Work instructions: Exclude the pictures from your copy, and reproduce each entry below verbatim.
###
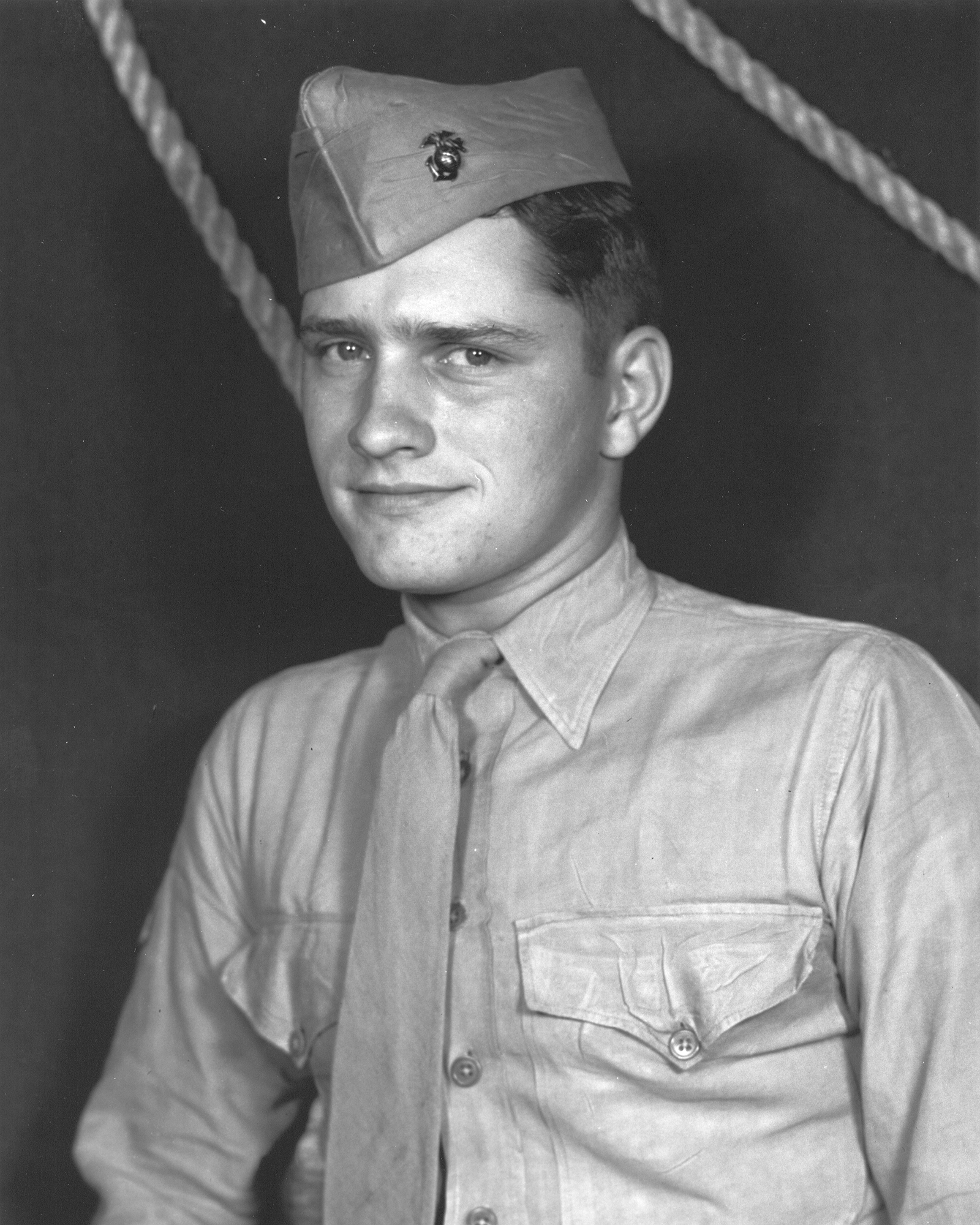 Lee H. Phillips (1930-1950), USMC. Medal of Honor recipient, killed in action during the Battle of Chosin Reservoir Author: United States Marine Corps Source: Official Marine Corps biography URL
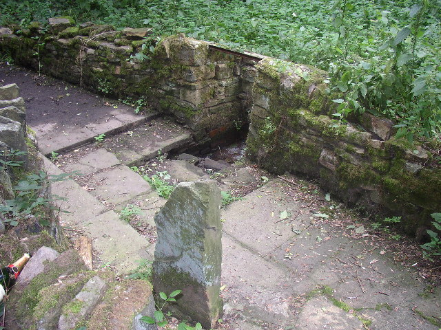 Gunthwaite Spa. This is a strongly tasting spring that is supposed to have healing qualities and was at one time blessed annually by religious leaders from Wakefield, Doncaster and Pontefract.
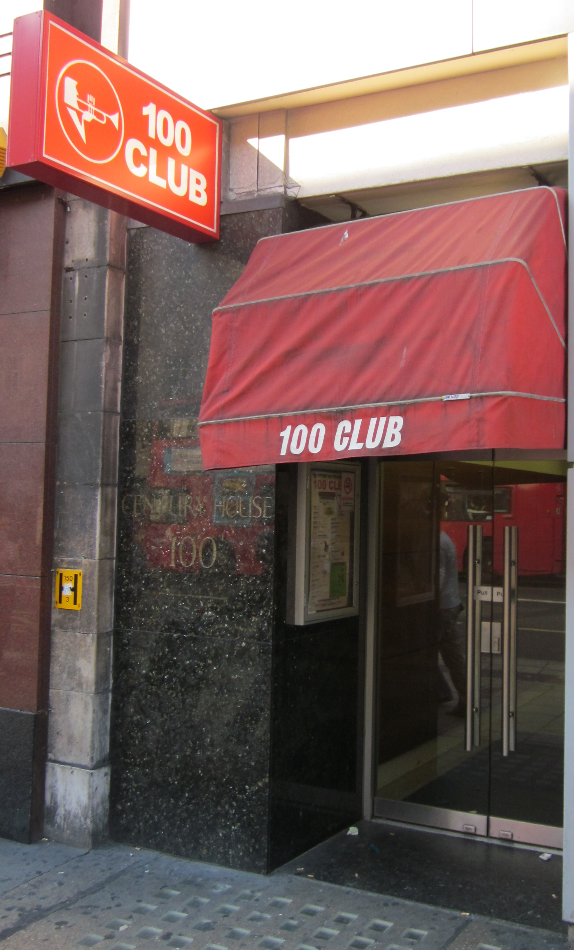 Doorway of the en:100 Club at 100 Oxford Street, London, a legendary venue for swing music and in the development of punk rock.
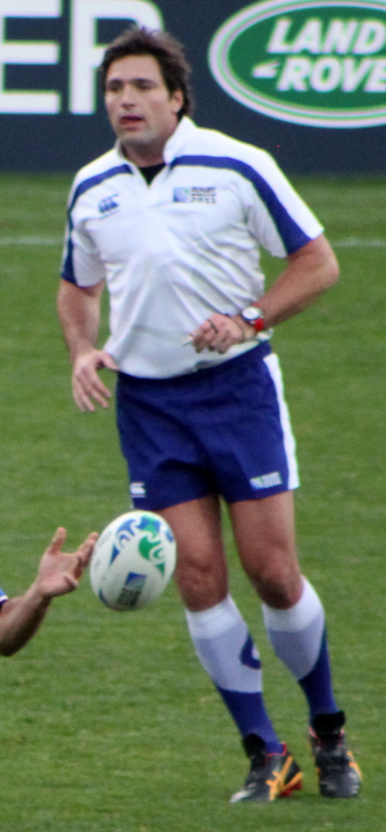 The New Zealand-born Australian rugby union referee Steve Walsh refereeing the match between France and Tonga during 2011 Rugby World Cup in New Zealand.
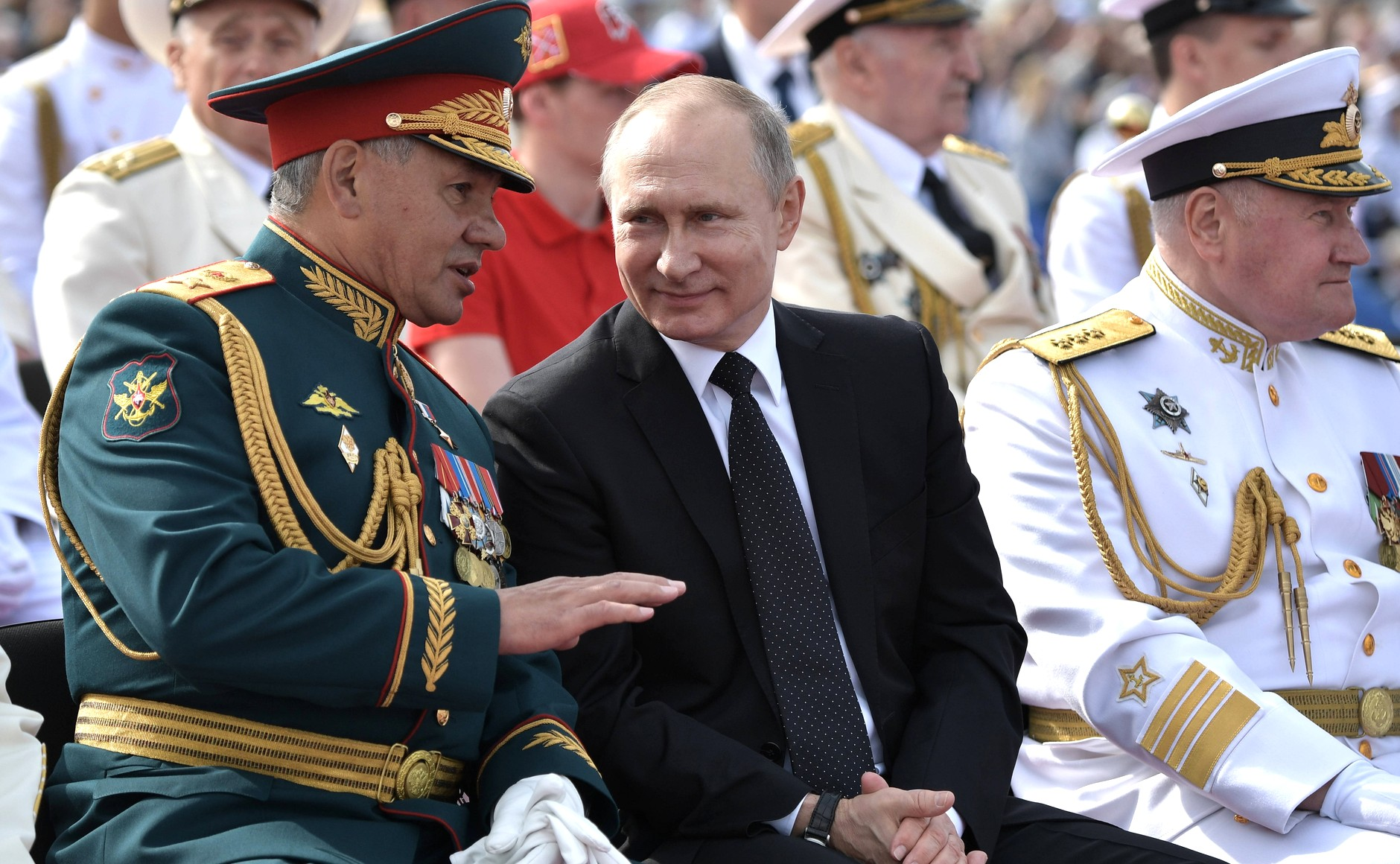 Vladimir Putin and Sergey Shoigu at Navy Parade. Saint-Petersburg, 30 July 2017.
###
Result of the exercise:
 Lee H. Phillips (1930-1950), USMC. Medal of Honor recipient, killed in action during the Battle of Chosin Reservoir Author: United States Marine Corps Source: Official Marine Corps biography URL
 Gunthwaite Spa. This is a strongly tasting spring that is supposed to have healing qualities and was at one time blessed annually by religious leaders from Wakefield, Doncaster and Pontefract.
 Doorway of the en:100 Club at 100 Oxford Street, London, a legendary venue for swing music and in the development of punk rock.
 The New Zealand-born Australian rugby union referee Steve Walsh refereeing the match between France and Tonga during 2011 Rugby World Cup in New Zealand.
 Vladimir Putin and Sergey Shoigu at Navy Parade. Saint-Petersburg, 30 July 2017.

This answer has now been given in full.